··· DATA TO PROCESS ···

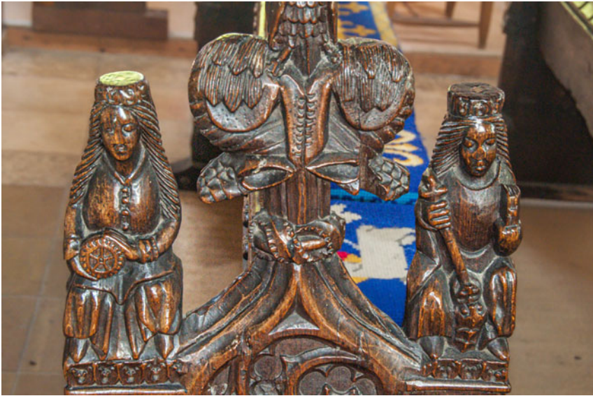
Figure 1. Church pew with bench ends depicting St Margaret and St Katherine, fifteenth century, Ufford, Suffolk, St Mary of the Assumption Church.

Church of St Helen, Norfolk, was created with a concern for safe and successful childbirth and child rearing. 27 It depicts St Margaret of Antioch alongside the three Marys (the Virgin and her sisters Mary Salomé and Mary Cleophas), each holding their children. Along with the powerful intercessor for childbirth, the three Marys represent positive and comforting images of Christian maternity in which the laywomen of the parish could locate their childbearing experience. Iconography and images reflected and cemented hierarchal relations, segregation, and communal identity. 28 Moreover, local wives were charged with much of the maintenance and cleaning of the church nave. 29 Therefore, they had the most direct interaction and familiarity with these holy images and appreciated the significance of specific spaces within the church. It seems plausible that there were pockets of space in the parish church in which women could find imagery that simultaneously reflected their experience, assured them of saintly protection, and celebrated their parturientcy.
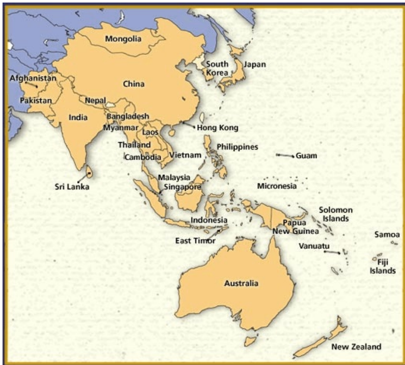
Map of the Western Pacific

Despite centuries of subjugation by larger neighbours—Joseon Korea, Imperial Japan, and South Korea—Jeju island society has maintained a distinct identity and a measure of autonomy. Relations with both Korea and Japan have at times had devastating effects on the islanders, but also contributed to the dynamism of Jeju island society and opened up new routes for islanders to continue traveling as a vital part of their social life.
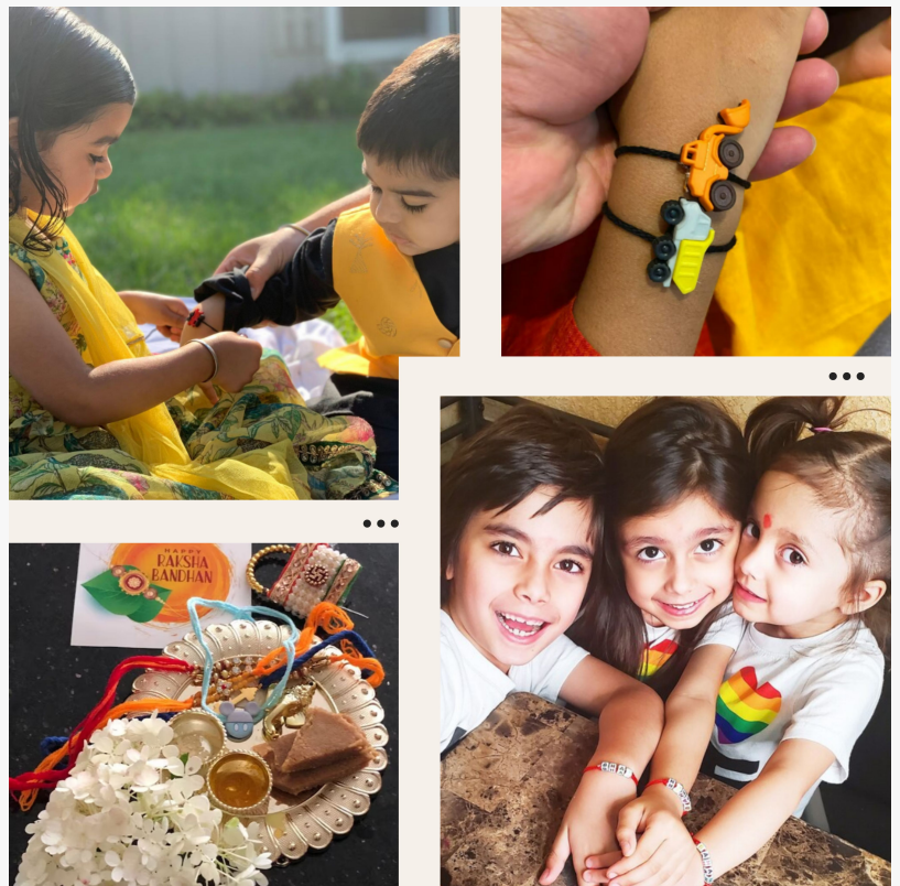
Kids Rakhi Collection, Customer photos
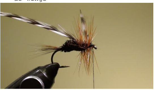
17 Wind the brown cock feather to the eye of the hook (3 turns behind an 3 turns in front of the wings)
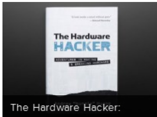
The Hardware Hacker:
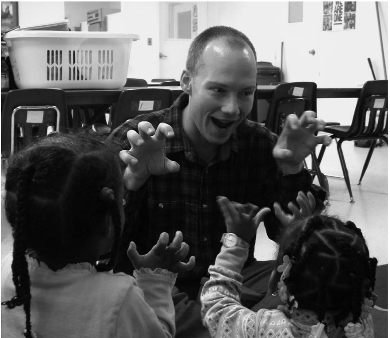
Levine School of Music, Washington, DC, Guild member since 1981
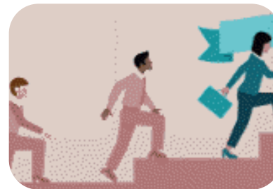
NACE 2021 Competencies
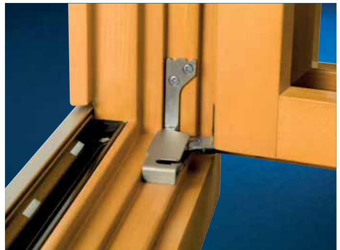
Cover with window manufacturer logo possible.
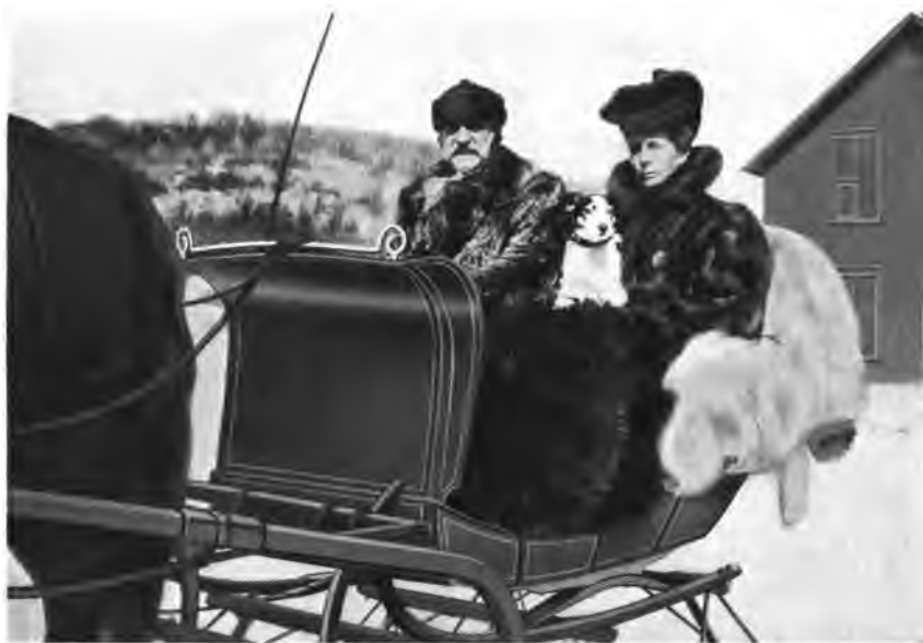
DR. AND MRS. E. L. TRUDEAU
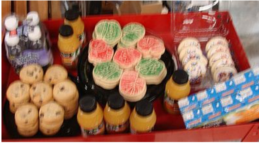
Refreshments by Rockler
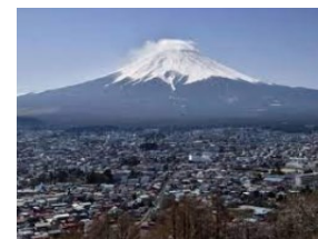
Mount Fuji volcano
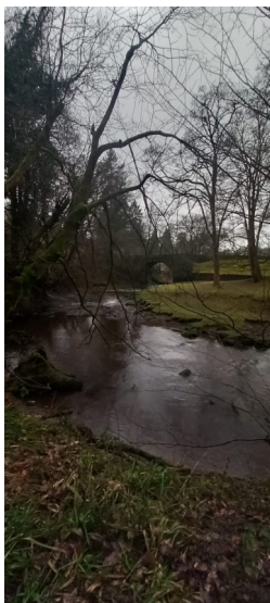
Some nice photos of landscapes from James Hiller in Year 10
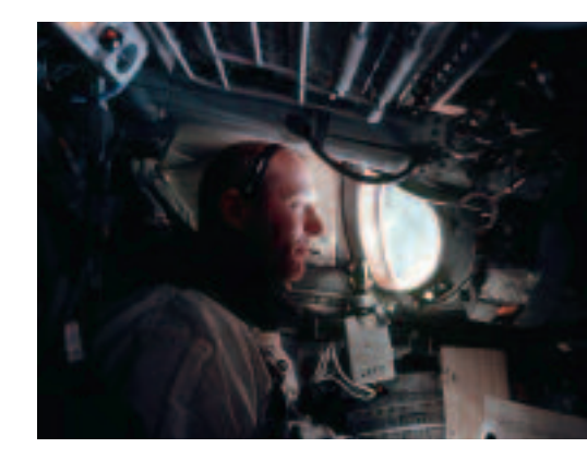
ASTRONAUT ABOARD GEMINI 9

Today we design, manufacture and sell 24 product lines of fine and ultra fine aluminum oxide, boron carbide, silicon carbide, and cerium oxide powders used in everything from toothpaste to cellular phones. As the number of applications for our product grows, so does our company. Production, warehouse and office space totaling over 140,000 square feet and supporting over 60 employees enables us to handle any size challenge.
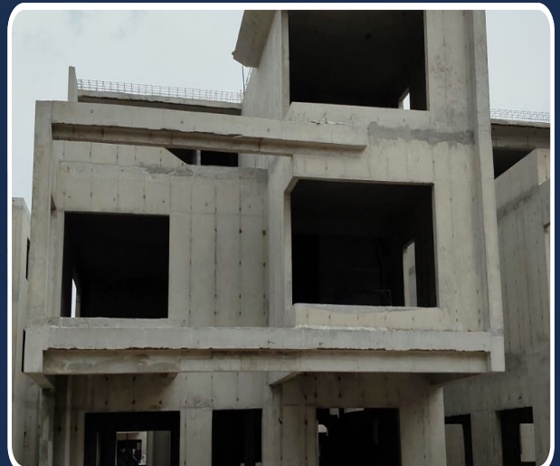
VILLA-121 (Structure Completed)

···

ASSIGNED TASK> Copy every line of the listing that contains the word "photos".

RESULT FOR THIS EXERCISE>
Kids Rakhi Collection, Customer photos
Some nice photos of landscapes from James Hiller in Year 10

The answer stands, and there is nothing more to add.